Get to your chosen location well before the fireworks begin. Set up your camera on the tripod, attach the cable release, and focus the lens for the area that ranges from the blast-off spot to the area needed to get in the largest bursts. Hence the need for a good zoom lens that goes down to a wide angle.
Use the first several bursts for setting up your framing. The first fireworks are usually the least impressive, anyway. If you get too much area in a frame you can always crop some out later on, but you cannot add to what is not there if you cut parts out when composing.
Long exposures are the norm for fireworks displays, but there are tricks to making them. Exposures can be done in two ways. By setting the speed to “bulb” or by using multiple exposures—if your camera has that ability.

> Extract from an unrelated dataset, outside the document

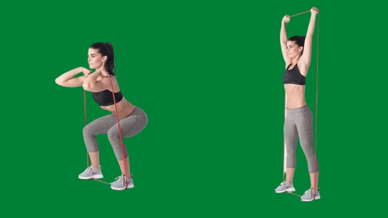 Bài tập Resistance Band Squats With Overhead Arm Extensions

For multiple exposures you count the seconds it takes for one rocket to blast off and fully explode, and then set your speed for that long, usually about 3-5 seconds. Set the aperture at about f/8. Then set the exposure count for how many bursts you want on each frame. Capturing too many fireworks will start to wash out the whole image, so stick to about 3 to 5 exposures per frame. This again will also depend on how far away you are from them. It also depends on the color of the explosions. Mostly red ones can allow for more exposures, but if there are more than a few all-white clusters, that frame will start to wash out. I never allow more than three large white bursts per frame—two if they are really bright. They will also wash out the other colors.
For exposures using the “bulb” setting, which is really the best way to do them, you need a cable release to your aperture open. For this method you also need a 4×5 piece of dark cardboard. You place the card in front of the lens, and when the fireworks start, trip the shutter. An assistant is good to have here, so they can trip the shutter when you ask. The card blocks the light until you want to expose a burst. Then, as the rockets fire off, you remove the card and record the exposure by counting off the seconds. Replace the card back in front of the lens, but be sure not to bump the camera, and wait for the next rocket. When it is about to explode, remove the card. How often you do this depends on how many fireworks are fired off together.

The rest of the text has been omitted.